◆ ACTION ITEM ◆
Skip all pictures. Write out the data below from its first line through the line that contains "гласит описание товара.".

[[ GIVEN DATA open ]]

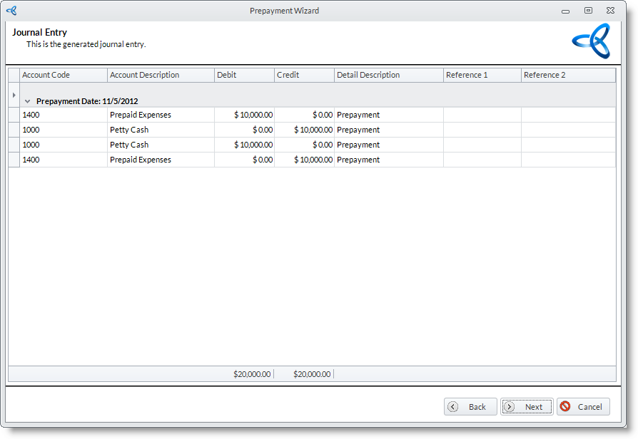 The actual journals to be done are listed in the wizard for completeness and will be saved to the unposted file. Click Next button to continue.
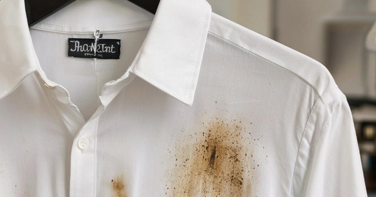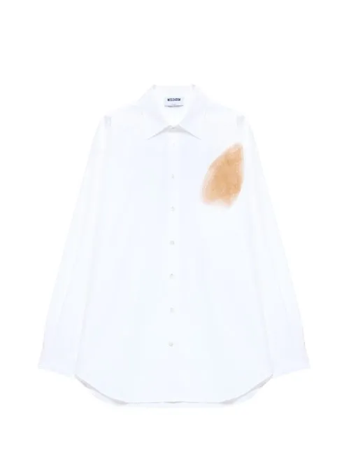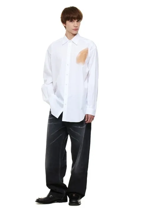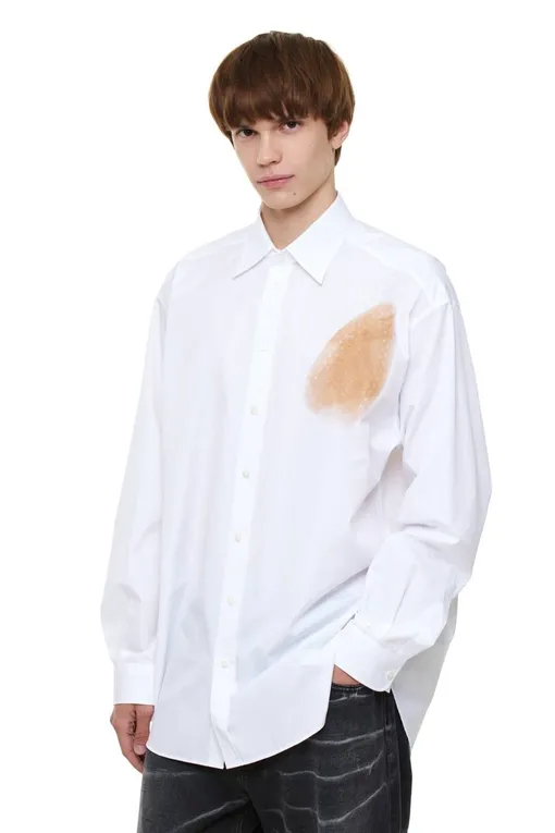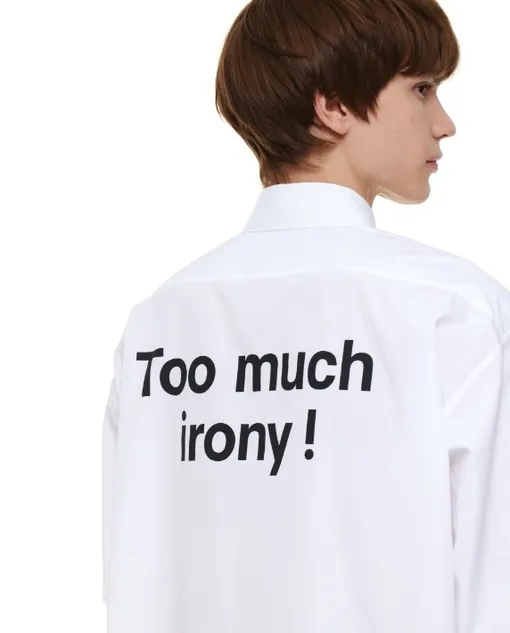 «Белая рубашка с длинными рукавами, классическим воротником и застежкой на пуговицы спереди. Украшена принтом в виде пятна от утюга спереди и ироничной надписью сзади», — гласит описание товара.
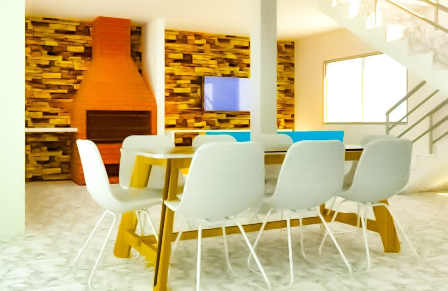 Na área gourmet, a churrasqueira em tijolo cerâmico permite a cocção com segurança, com o duto de exaustão pela parte externa, além das janelas em paredes opostas promovendo o frescor do espaço. A integração dos espaços de cozinha e estar entram como elemento chave também, em um programa que mescla as funções de lazer e de residência, contando ainda com uma suite no pavimento superior.
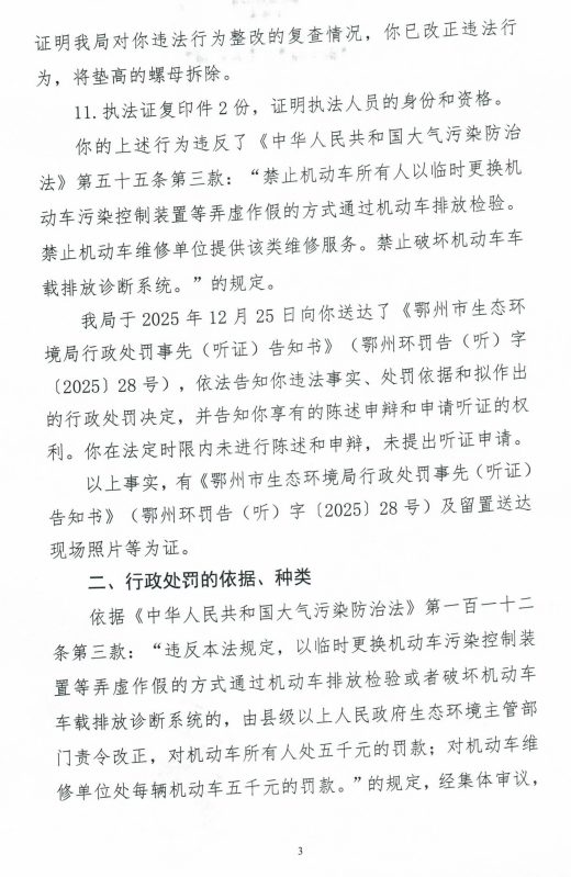 因直接送达、邮寄送达等方式均无法送达,依照《中华人民共和国民事诉讼法》第九十五条规定,向你公告送达本行政处罚决定书(鄂州环罚字〔2026〕2号)。自发出本公告之日起,经过三十日即视为送达。
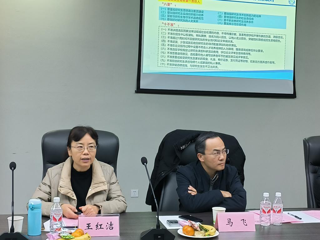 王红洁详细介绍了学院人才培养与教学管理相关政策,强调导师应具备思想引领和学术创新能力,同时以人文关怀呵护学生成长。她重申学位论文质量管理的重要性,要求导师将把关工作做在平时。同时,不仅注重学术成果,更要注重对学生人格的塑造与价值引导。
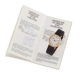 cassa in oro giallo 18kt, fondello a pressione, lunetta liscia in oro giallo 18kt, quadrante argenté, numeri romani, lancette breguet, movimento a carica manuale cal 818/4, cinturino non originale in pelle nera lucida, fibbia in oro giallo 18kt non originale, vetro minerale, gr. 37. Diam. mm 31. Corredato di garanzia.
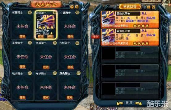 点击“圆桌骑士”界面的“任命”按钮,屏幕右侧出现“雷霆骑士”的候选幻兽页面,你根据幻兽任命的效果选择你想到任命的幻兽。

[[ GIVEN DATA closed ]]

◆ TASK RESPONSE ◆
 The actual journals to be done are listed in the wizard for completeness and will be saved to the unposted file. Click Next button to continue.
 «Белая рубашка с длинными рукавами, классическим воротником и застежкой на пуговицы спереди. Украшена принтом в виде пятна от утюга спереди и ироничной надписью сзади», — гласит описание товара.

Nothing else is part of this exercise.